It is important to understand what is going on in your respiratory system during pregnancy. While you are pregnant, the respiratory tract lining receives more blood. This is a result of certain hormones that stimulate the blood flow in the body. As a result, the respiratory tract is often much more congested, which may also lead to nosebleeds. A second side effect that this increased flow of blood may have is sensitive or bleeding gums.

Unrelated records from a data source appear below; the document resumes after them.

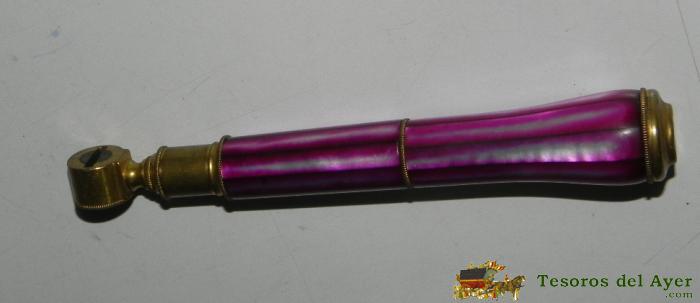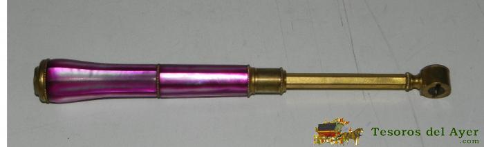 ANTIGUO BRAZO TELESCOPICO DE ANTEOJOS O PRISMATICOS DE TEATRO O OPERA, DE NACAR Y BRONCE, MIDEN ABIERTOS 22 CMS. DE LONGITUD Y CERRADOS 14 CMS. PRECIOSO.
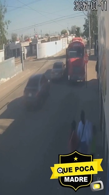 🟡Una unidad de transportes San Carlos con número económico 409, fue captada circula en sentido #contrario subiéndose a la banqueta, derribar una señal de alto y casi atr0p3llar a unos peatones, en el fraccionamiento Los Portales segunda sección, en #Mexicali, #BajaCalifornia.
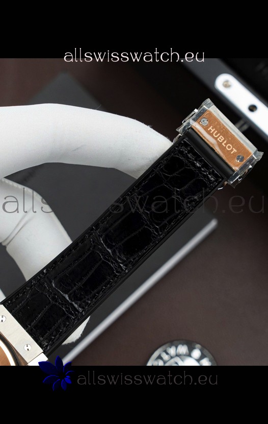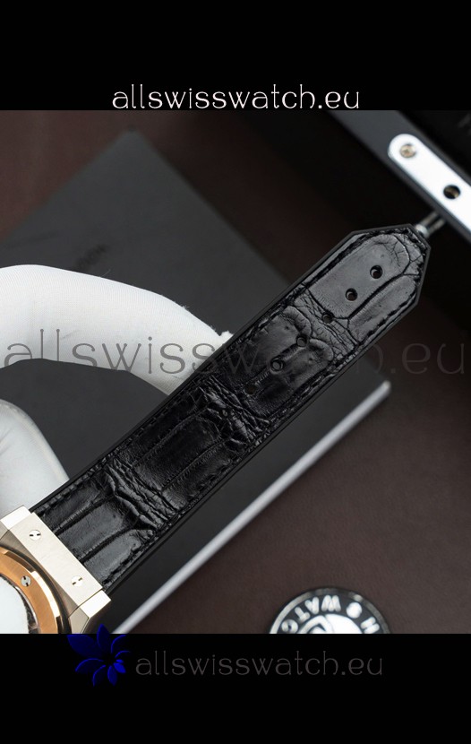 Genuine Crocodile Leather Strap with Rose Gold Folding Clasp complete with Hublot Markings and Engravings.

Ear and sinus conditions are common during pregnancy. Sinus infections may occur up to 3 times more often during pregnancy. Runny nose may occur through the second and third trimesters in around 20% of pregnant women. Other unusual ear and nerve problems can also occur. Sinus infections are usually evident by a greenish nasal discharge or tenderness in the facial bones below or above the eyes. Fever may also be present. CAT scans can be done in severe cases to confirm the sinus infection. However, most sinus infections in pregnancy are diagnosed mostly by what the Mom tells her doctor. This avoids radiation from the CAT scan, which may be harmful to the baby. Penicillin-type drugs or Erythromycin are sometimes used to treat sinus infections in pregnancy. These are effective drugs and considered safe to use during pregnancy. As always, you should consult with your doctor ab out what treatment may be right for you.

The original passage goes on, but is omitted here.